Все кричали кто во что горазд, кто-то дергал Феликса за мокрую штормовку и орал ему прямо в лицо:
— Да тебя вышвырнуть мало, тебя под суд надо отдать, в каталажку!
А молоденький рыбак спросил:
— Почему ты ни разу не пошел взглянуть на рыб, ни единого разу?

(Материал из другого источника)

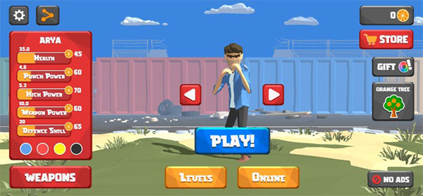 1、打開街頭搏斗官方版,進入游戲主界面,可以通過兩邊的箭頭號切換不同的角色,
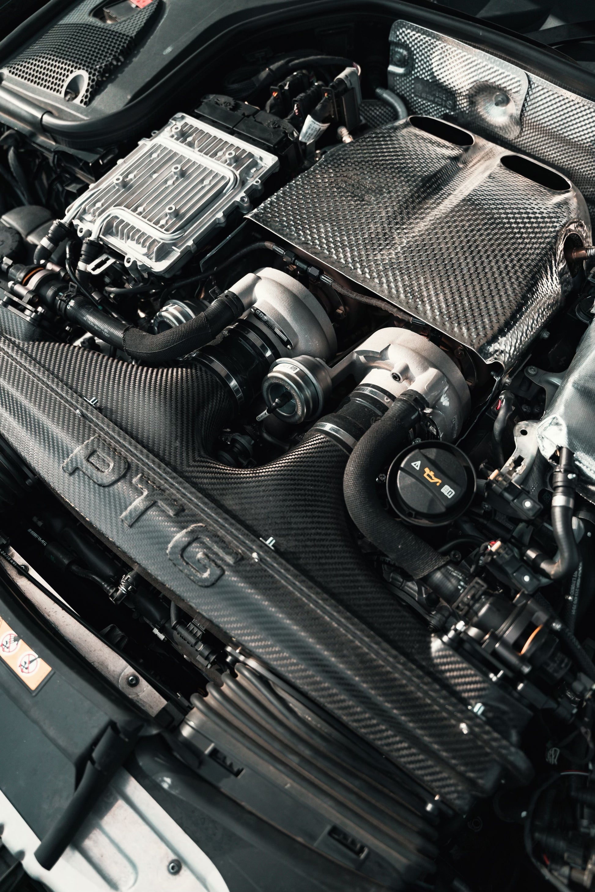 Designed utilizing 3D scan technology and produced completely in aerospace level "prepreg" carbon fiber and hard anodized billet aluminum, these satin finished carbon airboxes are a zero restriction intake system that have substantial gains on vehicles from stock to our PTG-X 1,300HP package.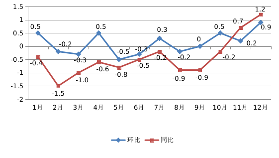 (一)从环比看,月度间环比价格指数震荡运行,变动幅度在-0.5%--0.9%之间,波动跨度1.4个百分点。
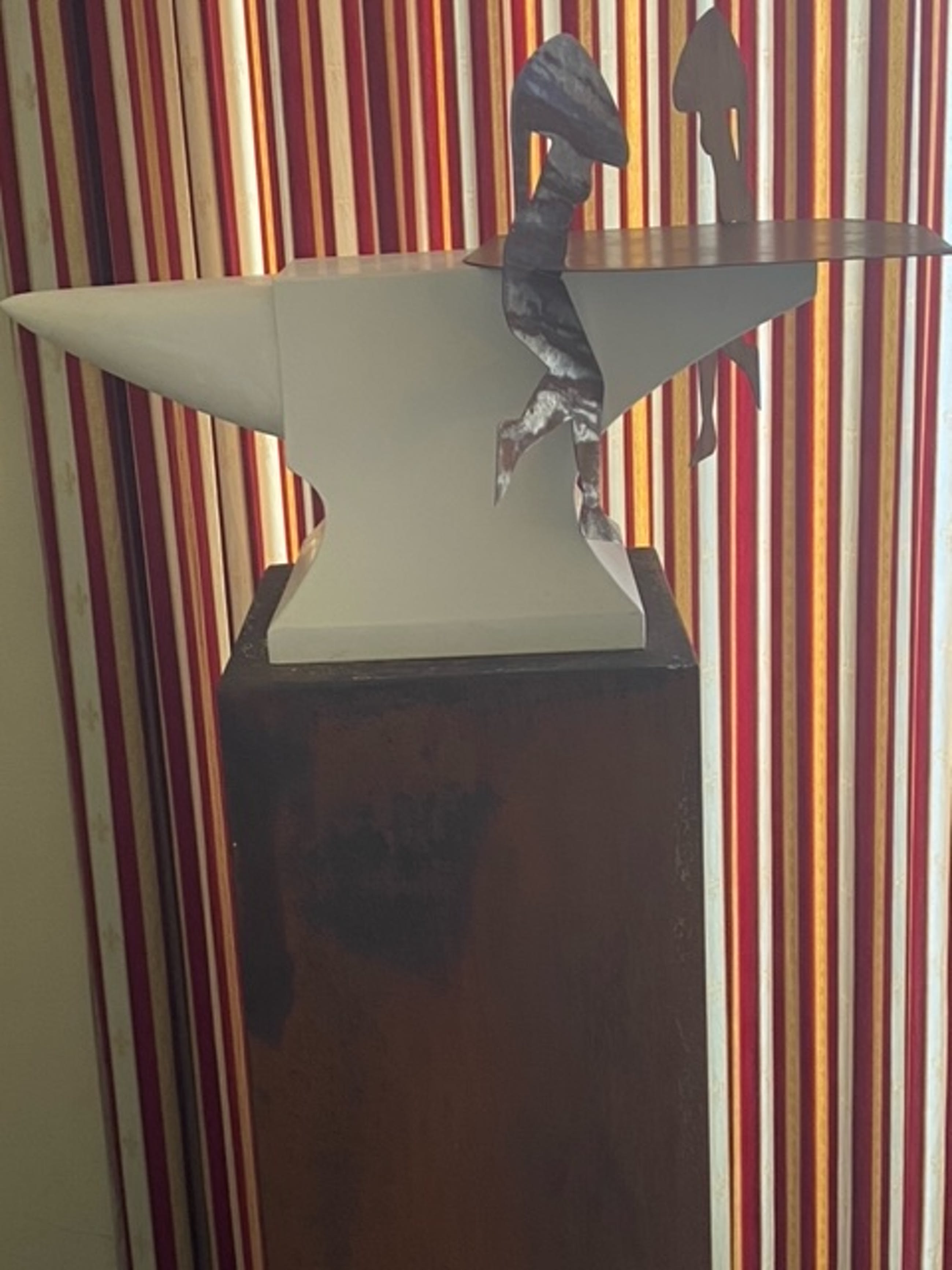 IJzeren plaatstalen figuren balanceren op een gipsen Aambeeld.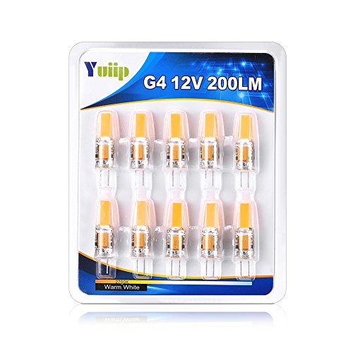 LED G4 Bulb, 1.8 Watt(Equivalent 20 Watt G4 Halogen lamp), 2700K 200LM Warm White, Bi-pin COB AC/DC 12 Volt Landscape Light, International Standard G4 Base 10 Pack Yuiip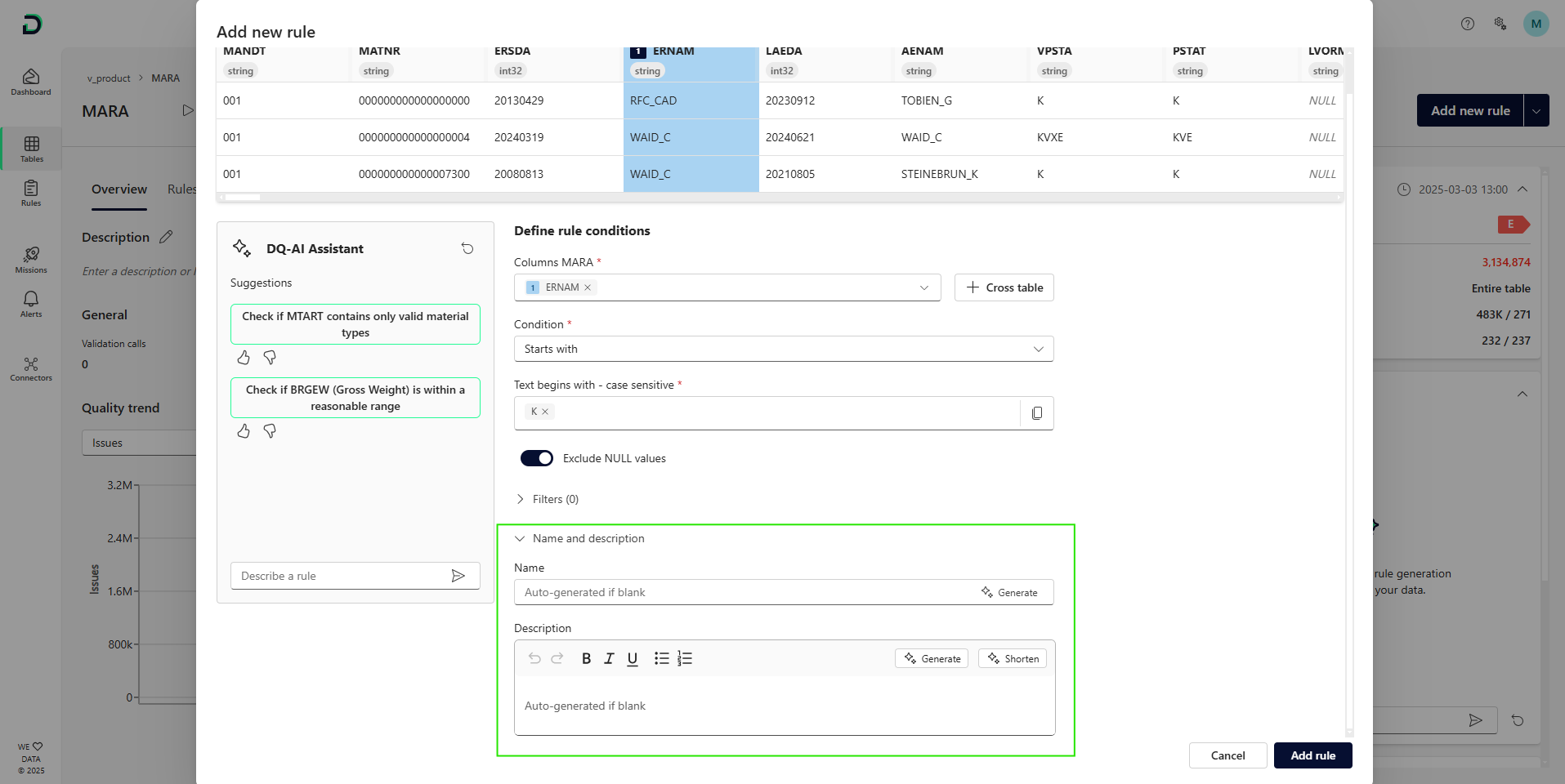 Rule name and description: it is now possible to assign the name and description of the rule already during the creation. After selecting the condition, you can optionally enter name/description yourself or use AI to get a suggestion. If you leave the name and description field blank, we will automatically assign a rule name.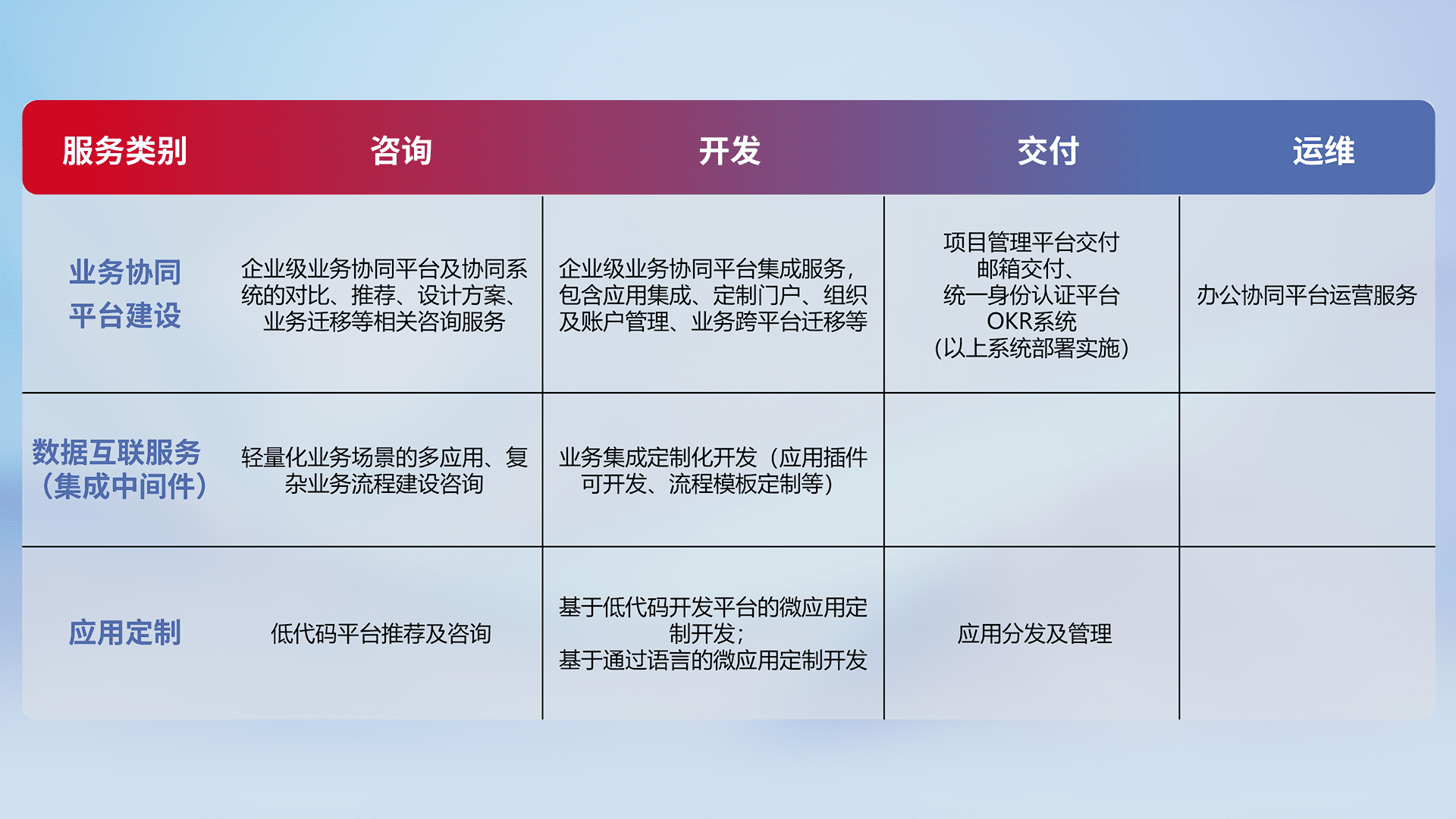 针对钉钉、、、企微、、、、IDaas等平台级产品提供产品的规划、、、方案、、、交付、、定制化开发等服务,,实现如统一协同办公、、、智能客户服务、、、混合会议管理、、、智能数据查询、、、等业务场景,,实现数字化转型。。。。
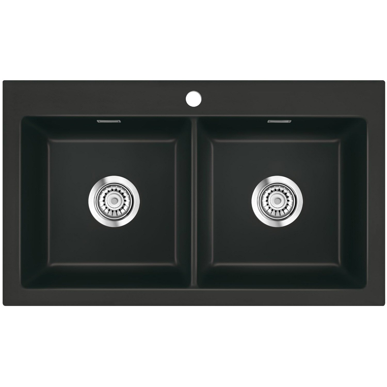 Systemceram Keradomo Mera Twin Einbauspüle mit Excenterbetätigung, inkl. Armaturbohrung

— Тише, в последний раз требую тишины! — рявкнул Хинц и застучал карандашом, кулаком, а затем и папкой по столу президиума.— Мы не собираемся никого приговаривать, вовсе нет,— заверил он, встал в позу, смахнул упавшие на лоб седые кудри и повернулся с какой-то странно застывшей улыбкой к Феликсу:—Молодого человека надо наставить на путь истины, это наш прямой долг и обязанность, наша главная забота, и мы не преминем это сделать. Поэтому прежде всего мы освободим его от должности и оставляем за собой право на дальнейшие дисциплинарные меры. Мы все подсчитаем, каждую рыбину, и не станем действовать поспешно.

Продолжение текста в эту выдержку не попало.